Federal Regulations: A Modest Proposal
I have a friend who occasionally jokes that if the United States wants to decrease poverty and encourage wealth creation, the government should use the same strategy it does when it wants to encourage a certain behavior and discourage another.
For example, we give tax breaks to people willing to install solar energy in their homes because we want more of that and we tax the heck out of a pack of cigarettes because we want fewer people to smoke.
If we want to be consistent, he says, we should raise taxes on the poor and lower them on the rich.
He doesn’t expect his proposal to get very far, but this is exactly what we have been doing with small businesses through regulations for years. According to a 2012 report, regulations are 80 percent more costly to small businesses than they are to big businesses. An earlier study (2008) found that the annual regulatory cost per employee to small business was nearly $11,000, which was 36 percent higher on a per employee basis when compared to larger businesses.
EPA costs high
When the study broke it down to various types of regulations, if found that environmental regulations costs small businesses $4,101 per employee while that number is just $883 per employee for large businesses.
The reason, of course, is the costs of various licenses, permits and even reports are fixed so their costs represents a much smaller percentage for larger companies.

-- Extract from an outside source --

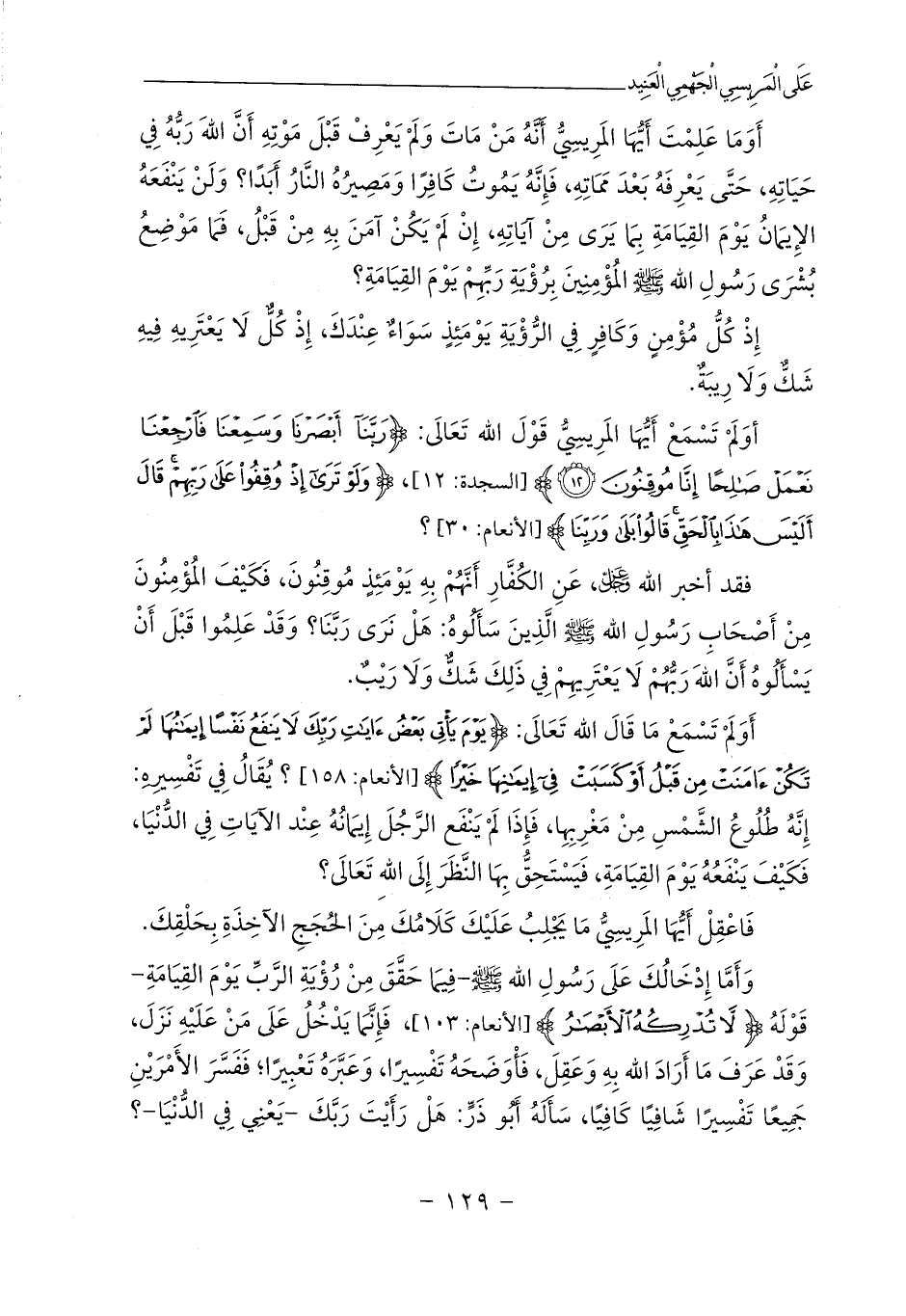 أَوَمَا عَلِمْتَ أَيُّهَا المَرِيسِيُّ أَنَّهُ مَنْ مَاتَ وَلَمْ يَعْرِفْ قَبْلَ مَوْتِهِ أَنَّ اللهَ رَبُّهُ فِي حَيَاتِهِ، حَتَّى يَعْرِفَهُ بَعْدَ مَمَاتِهِ، فَإِنَّهُ يَمُوتُ كَافِرًا وَمَصِيرُهُ النَّارُ أَبَدًا؟ وَلَنْ يَنْفَعَهُ الإِيمَانُ يَوْمَ القِيَامَةِ بِمَا يَرَى مِنْ آيَاتِهِ، إِنْ لَمْ يَكُنْ آمَنَ بِهِ مِنْ قَبْلُ، فَمَا مَوْضِعُ بُشْرَى رَسُولِ الله - صلى الله عليه وسلم - المُؤْمِنِينَ بِرُؤْيَةِ رَبِّهِمْ يَوْمَ القِيَامَةِ؟

To flip my friend’s “tax the poor to end poverty” upside down and apply it to small business, how about reducing the currently-fixed costs of regulation for small businesses? Make those costs reflect the current way we do taxes – give breaks to those on the lower end of the income scale.
Be doers not talkers
I’m speaking rhetorically here, but there are things Congress and the president can do. The most important of these is to stop talking about small business and its regulatory burden and actually be willing to do something about it.

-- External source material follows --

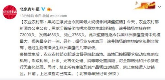 【农业农村部:黑龙江爆发迄今我国最大规模非洲猪瘟疫情】今天,农业农村部新闻办公室公布,黑龙江省绥化市明水县发生非洲猪瘟,该养殖场生猪存栏73000头、发病4686头、死亡3766头。此次疫情是迄今我国非洲猪瘟疫情中规模最大、损失最多的一例。另外,据行业专家表示,该养殖场的生物安全级别非常高,通过生物传播发生非洲猪瘟的几率较低。

The recent “budget” that Congress passed may be a signal that we will see some movement on this front – or at least some real debate. Republicans in Congress managed to push through rescinding an irrigation ditch and farm pond water rule the EPA was about to enforce under the Clean Water Act. Also rescinded was a Department of Transportation regulation that would have required more rest for truck drivers.
President to fly solo?
President Obama has vowed to act without legislation to move the country forward on various fronts and during the next two years he will be facing an even more hostile group of legislators.
This could get interesting.
There will have to be some compromise on both sides, as there was with the budget deal. The question is whether there will be any easing of the regulatory burden. If it happens, I expect small business would greet it enthusiastically. Business formation would increase and expansion would be renewed.